→ **WORK REQUIRED**: Return, word for word, the lines of the listing below from the one with "Sziasztok! Mi vagyunk" through the one with "Quadri rotondi Ritratto colorato", and no other lines.

→ **RECORDS SHOWN**:
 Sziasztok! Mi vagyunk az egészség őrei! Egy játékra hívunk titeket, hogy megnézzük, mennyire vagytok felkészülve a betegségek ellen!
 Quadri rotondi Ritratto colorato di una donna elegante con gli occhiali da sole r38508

* * *

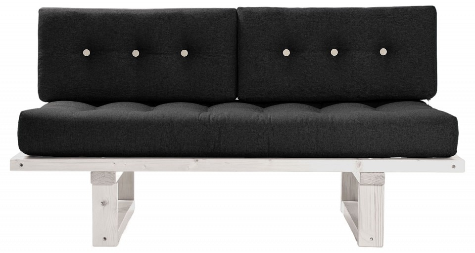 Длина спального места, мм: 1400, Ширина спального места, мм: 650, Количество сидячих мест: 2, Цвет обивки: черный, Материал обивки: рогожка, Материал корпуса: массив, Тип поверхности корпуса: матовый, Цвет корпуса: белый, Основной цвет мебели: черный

→ **SOLUTION TO THIS TASK**:
 Sziasztok! Mi vagyunk az egészség őrei! Egy játékra hívunk titeket, hogy megnézzük, mennyire vagytok felkészülve a betegségek ellen!
 Quadri rotondi Ritratto colorato di una donna elegante con gli occhiali da sole r38508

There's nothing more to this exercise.